## THE PROBLEM
Drop the images; return everything else in the listing below exactly.

## STORED DATA
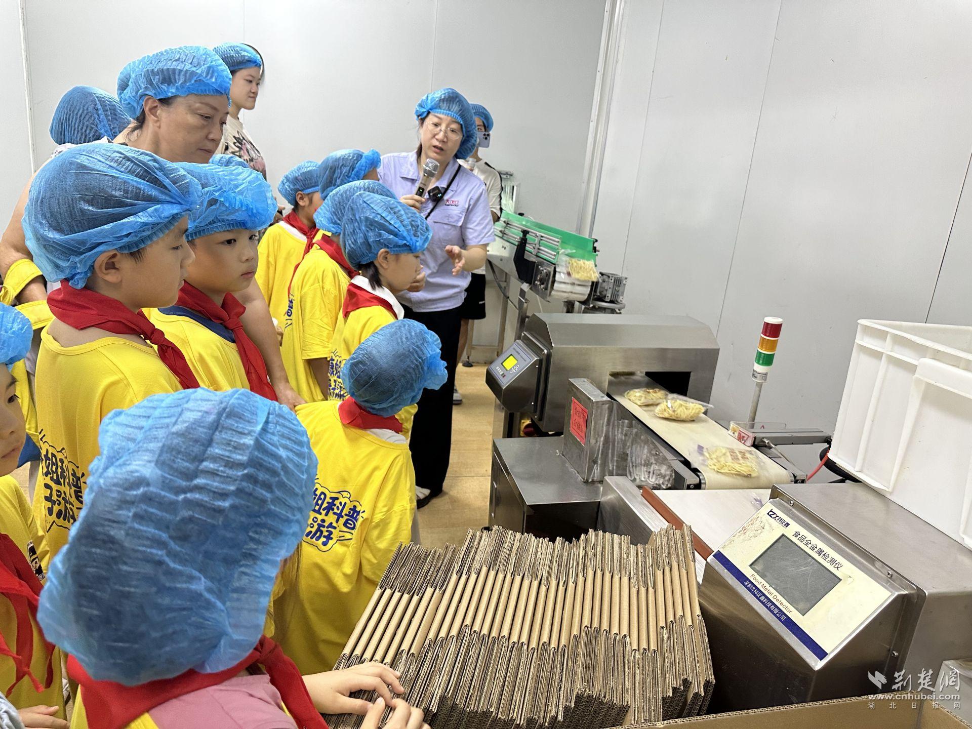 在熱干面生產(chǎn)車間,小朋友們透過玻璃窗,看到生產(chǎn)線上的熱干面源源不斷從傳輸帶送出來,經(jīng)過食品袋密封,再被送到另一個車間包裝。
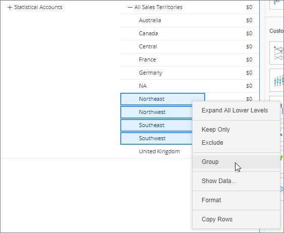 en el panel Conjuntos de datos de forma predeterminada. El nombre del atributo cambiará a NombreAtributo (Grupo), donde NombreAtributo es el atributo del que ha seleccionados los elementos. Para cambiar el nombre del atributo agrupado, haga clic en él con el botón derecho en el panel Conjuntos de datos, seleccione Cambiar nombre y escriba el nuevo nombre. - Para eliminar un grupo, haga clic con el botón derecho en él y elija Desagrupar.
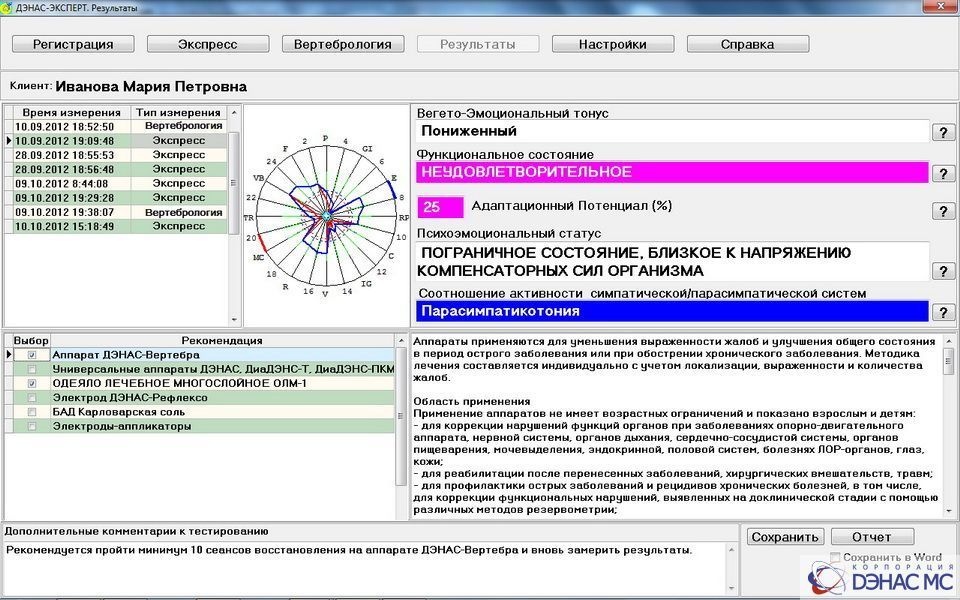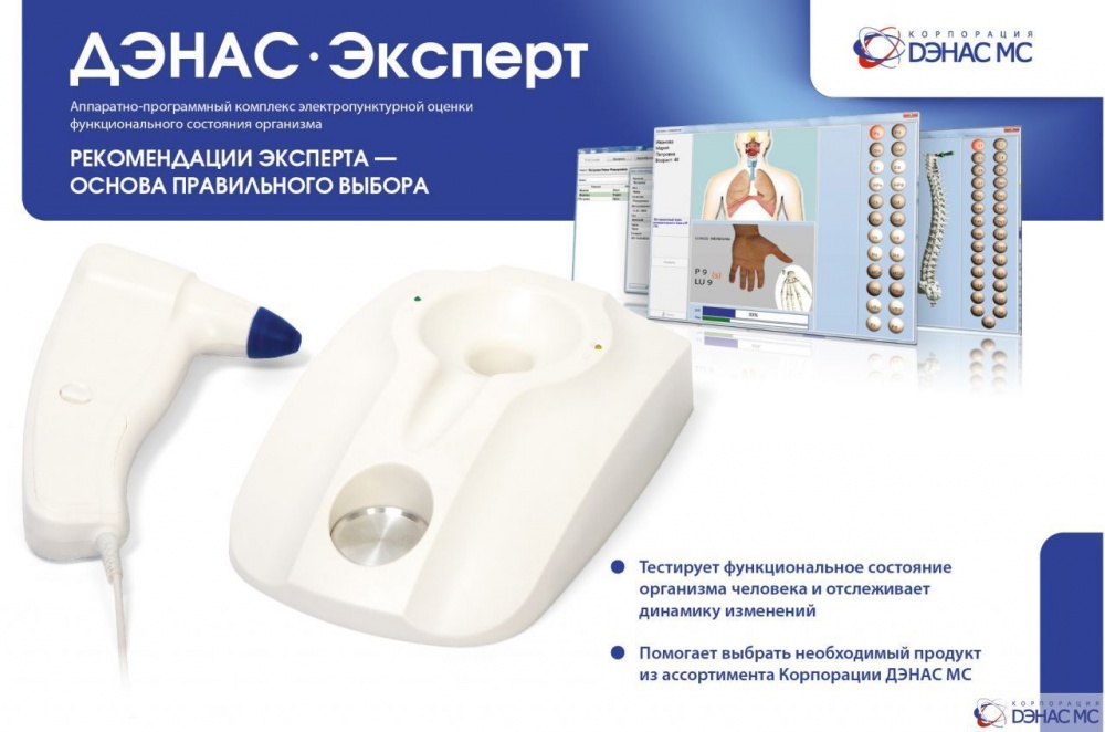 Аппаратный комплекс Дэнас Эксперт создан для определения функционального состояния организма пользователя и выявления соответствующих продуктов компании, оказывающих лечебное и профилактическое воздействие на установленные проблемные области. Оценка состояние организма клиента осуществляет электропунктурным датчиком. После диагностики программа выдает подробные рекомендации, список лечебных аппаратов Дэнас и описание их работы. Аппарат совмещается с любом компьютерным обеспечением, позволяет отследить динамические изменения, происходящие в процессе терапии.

## REPLY
 在熱干面生產(chǎn)車間,小朋友們透過玻璃窗,看到生產(chǎn)線上的熱干面源源不斷從傳輸帶送出來,經(jīng)過食品袋密封,再被送到另一個車間包裝。
 en el panel Conjuntos de datos de forma predeterminada. El nombre del atributo cambiará a NombreAtributo (Grupo), donde NombreAtributo es el atributo del que ha seleccionados los elementos. Para cambiar el nombre del atributo agrupado, haga clic en él con el botón derecho en el panel Conjuntos de datos, seleccione Cambiar nombre y escriba el nuevo nombre. - Para eliminar un grupo, haga clic con el botón derecho en él y elija Desagrupar.
 Аппаратный комплекс Дэнас Эксперт создан для определения функционального состояния организма пользователя и выявления соответствующих продуктов компании, оказывающих лечебное и профилактическое воздействие на установленные проблемные области. Оценка состояние организма клиента осуществляет электропунктурным датчиком. После диагностики программа выдает подробные рекомендации, список лечебных аппаратов Дэнас и описание их работы. Аппарат совмещается с любом компьютерным обеспечением, позволяет отследить динамические изменения, происходящие в процессе терапии.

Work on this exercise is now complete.